Quel est le contexte actuel autour des émissions dans le secteur du bâtiment, et quelles sont les réticences que vous percevez à l’adoption des biomatériaux ?
Le contexte bouge rapidement en Suisse et l’accent est mis de manière croissante sur la réduction des émissions. Des objectifs et limites de carbone seront par exemple bientôt intégrés dans les normes (MOPEC, SIA, CECB). Les acteurs du secteur s’engagent de plus en plus à limiter les émissions carbone des bâtiments.
Quant au stockage de carbone biogénique, le sujet reste débattu, car lors d’une analyse du cycle de vie, les normes nous contraignent à comptabiliser tout ce qui est stocké, mais aussi déstocké en fin de vie du bâtiment, et on suppose alors très souvent que les biomatériaux seront tous brûlés, qu’ils libèreront le carbone stocké et que donc, le résultat est nul.
Alors on ne fait que repousser le problème ?
Oui et non. On vise 2050 avec l’objectif net zéro, et il est contradictoire de supposer que tous les bâtiments seront brûlés en même temps dans 60 ans, et que tout le carbone stocké va être relâché d’un seul coup. S’il faut trouver une solution pour la fin de vie des matériaux, pourquoi ne pas envisager sérieusement le réemploi ou la réutilisation ? Certes, ça repousse un peu le problème, mais scientifiquement, le stockage permet de décaler le pic des émissions, laissant le temps aux réductions d’émissions de stabiliser les températures.
Nous sommes en pleine transition vers un objectif « net zéro » à atteindre dans 25 ans environ. Pour cela, la Stratégie énergétique 2050 mise, entre autres, sur des technologies de captation du CO2, dont l’efficacité reste à prouver. En revanche, l’utilisation des matériaux biosourcés dans la construction offre une solution concrète et efficace.
Est-ce que certaines choses vous ont surprise durant ce travail de recherche Bioloop ?

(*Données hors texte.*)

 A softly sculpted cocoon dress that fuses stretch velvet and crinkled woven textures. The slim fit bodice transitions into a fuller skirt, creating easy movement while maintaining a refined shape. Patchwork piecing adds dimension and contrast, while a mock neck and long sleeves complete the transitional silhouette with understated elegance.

Ce qui m’a surprise, c’est que certains matériaux biosourcés peuvent déjà être intégrés dans des projets de construction, bien que leur normalisation soit encore incomplète, entraînant des contraintes administratives et techniques. Leur inflammabilité et faible masse volumique posent également des défis en sécurité incendie, isolation acoustique et thermique. Des combinaisons avec des matériaux géosourcés, comme la terre, permettent toutefois de surmonter certaines de ces limites. En Suisse, certains acteurs ont développé le savoir-faire nécessaire et ont réalisé des exemples concrets, mais on est loin d’une pratique à grande échelle.

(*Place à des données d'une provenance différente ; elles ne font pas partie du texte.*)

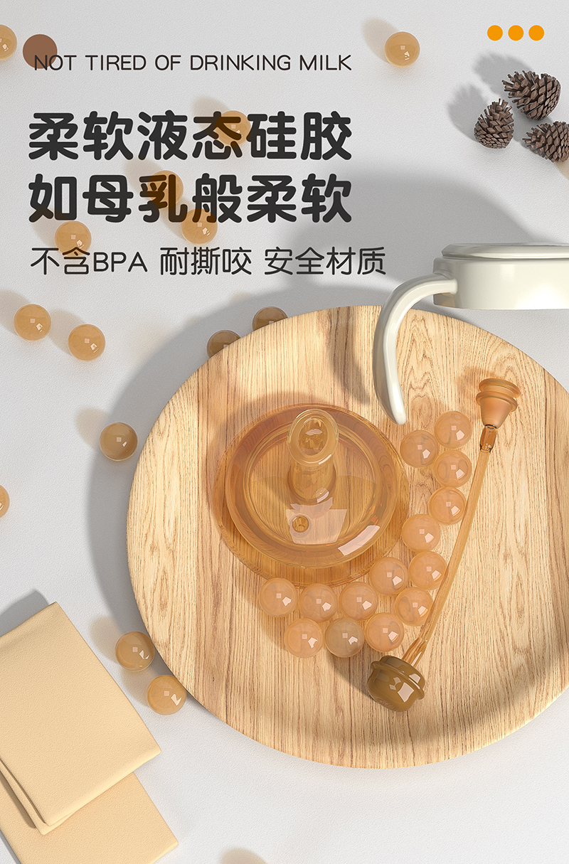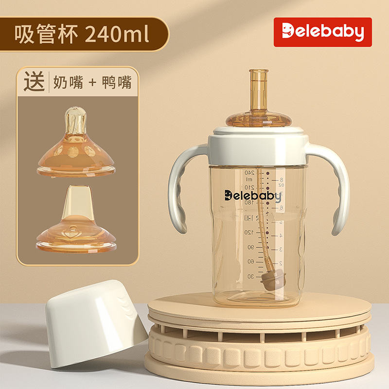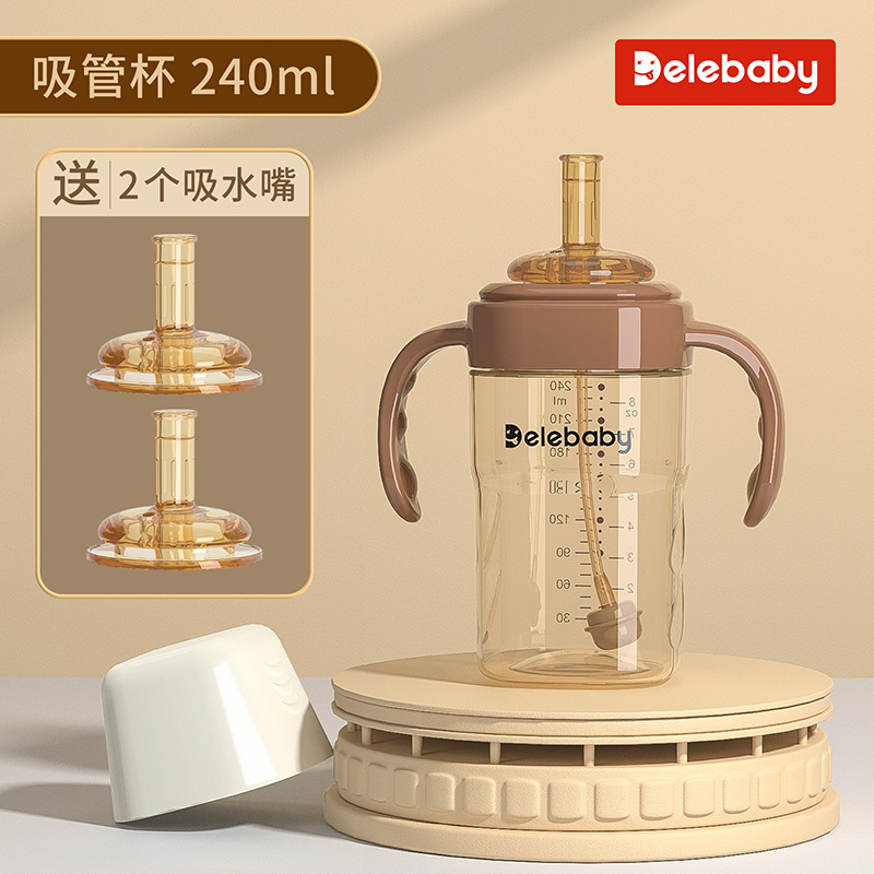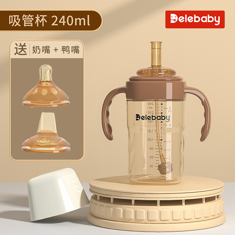 brown 240ml cup with straw + duckbill + nipple (for 3 cups)

Nous avons aussi découvert qu'en matière de stockage de carbone biogénique, il n’est pas nécessaire de maximiser la quantité de bois dans chaque bâtiment.
Par exemple, une ossature bois au lieu de bois massif réduit la quantité de bois utilisée par bâtiment, mais permet de répartir la ressource sur plusieurs constructions. Cette approche optimise l'utilisation du bois à l'échelle du parc immobilier tout en offrant le même bénéfice global de stockage. La clé est donc de penser en termes de parc bâti global, plutôt que de se concentrer sur des structures individuelles. En parallèle, il est essentiel d'augmenter le taux de rénovation d'ici 2050 pour réduire les émissions d’exploitation, tout en prêtant attention aux matériaux mis en œuvre, afin de garantir un impact environnemental cohérent.

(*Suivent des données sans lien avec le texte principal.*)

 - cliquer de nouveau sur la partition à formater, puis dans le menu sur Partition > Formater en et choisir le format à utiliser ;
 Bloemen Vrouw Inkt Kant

Le projet Bioloop se terminera fin décembre 2024. Qu’allez-vous faire ensuite, à titre individuel ?
J’ai entamé un travail de thèse qui explorent les solutions pour des bâtiments net zéro. Bien que l’utilisation des matériaux biosourcés soit un élément clé, il n’est pas la seule stratégie. Nous devons également réfléchir à la réutilisation des ressources et à la conception globale, avec notamment la réduction des surfaces construites par personne ou encore l’optimisation de l'efficacité énergétique des bâtiments. Bioloop s’est concentré sur les matériaux biosourcés, mais atteindre le net zéro dans la construction demande des solutions bien plus vastes.